> Given information
<<<<

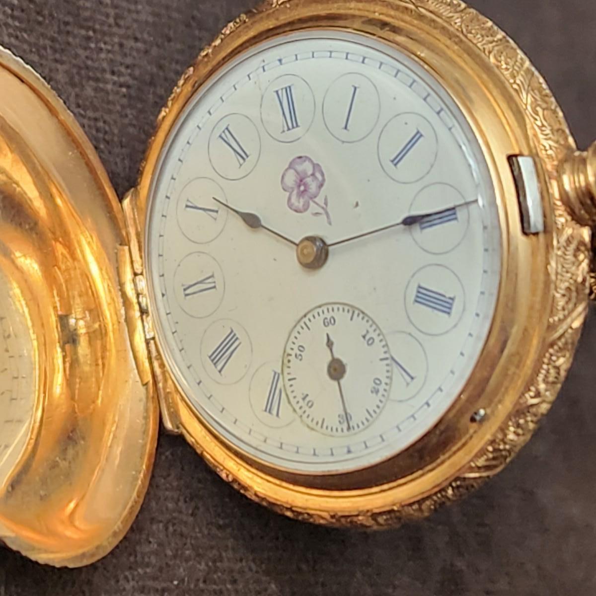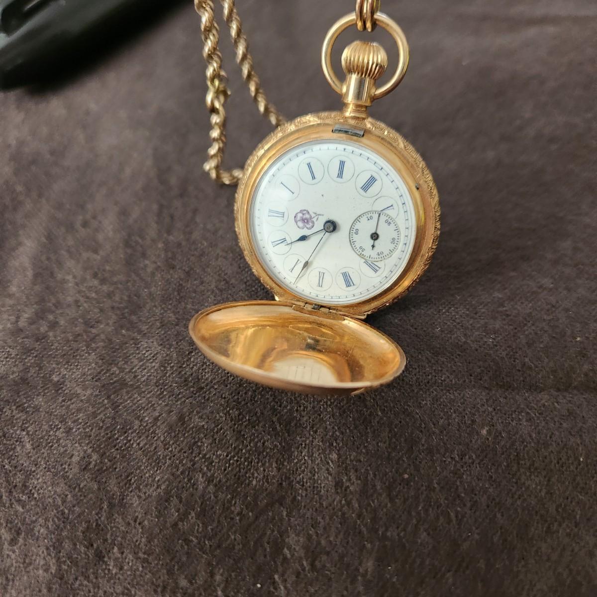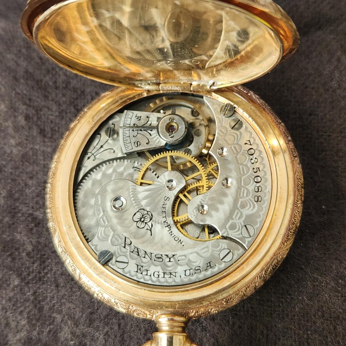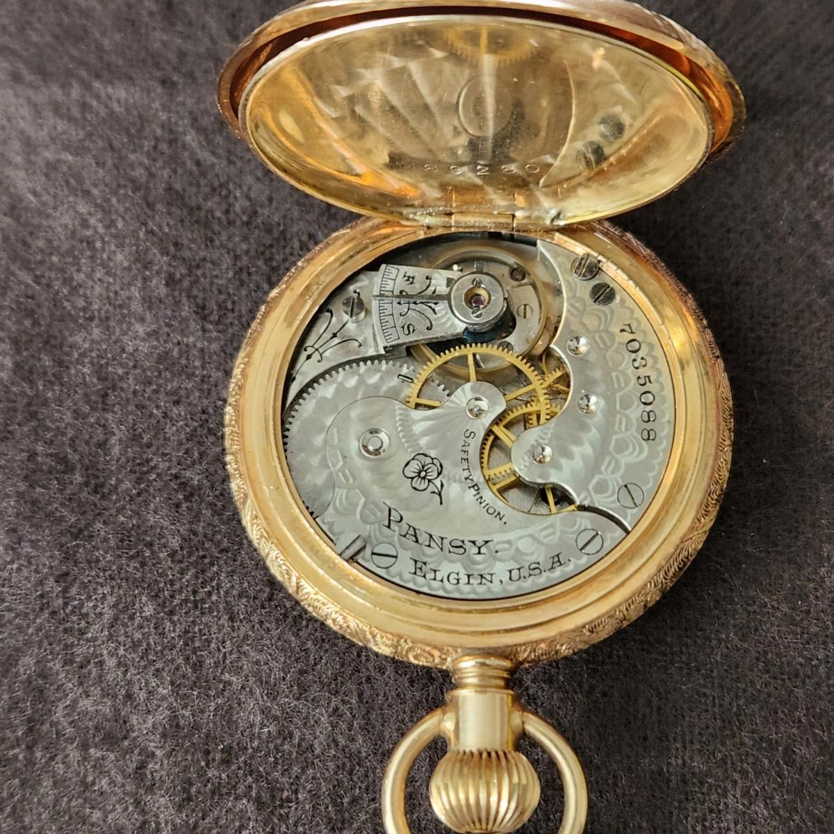 Vintage L & Co. Elgin Pansy Ladies Pocket Watch 24" Chain
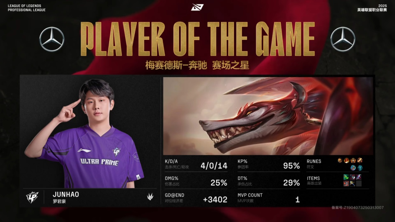 在成功击败RNG之后,UP在面对TT的比赛中也是成功获胜,Junhao再次立下大功,选出一手盲僧连续进攻打出优势,帮助队伍拿下了2胜1负的好成绩。
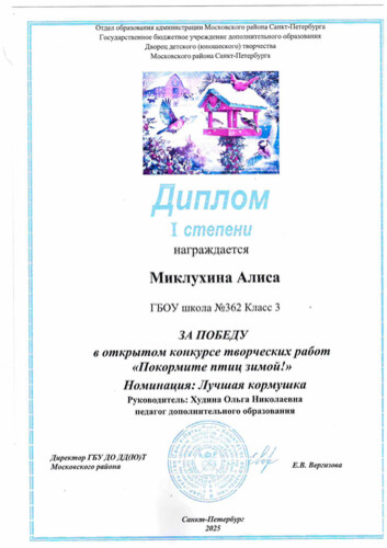 Миклухина Алиса Покормите птиц зимой

>>>>

> Problem requirements
I would like you to set down the lines above, from the one containing "在成功击败RNG之后,UP在" to the final line, exactly as written and without pictures.

> Result for this exercise
 在成功击败RNG之后,UP在面对TT的比赛中也是成功获胜,Junhao再次立下大功,选出一手盲僧连续进攻打出优势,帮助队伍拿下了2胜1负的好成绩。
 Миклухина Алиса Покормите птиц зимой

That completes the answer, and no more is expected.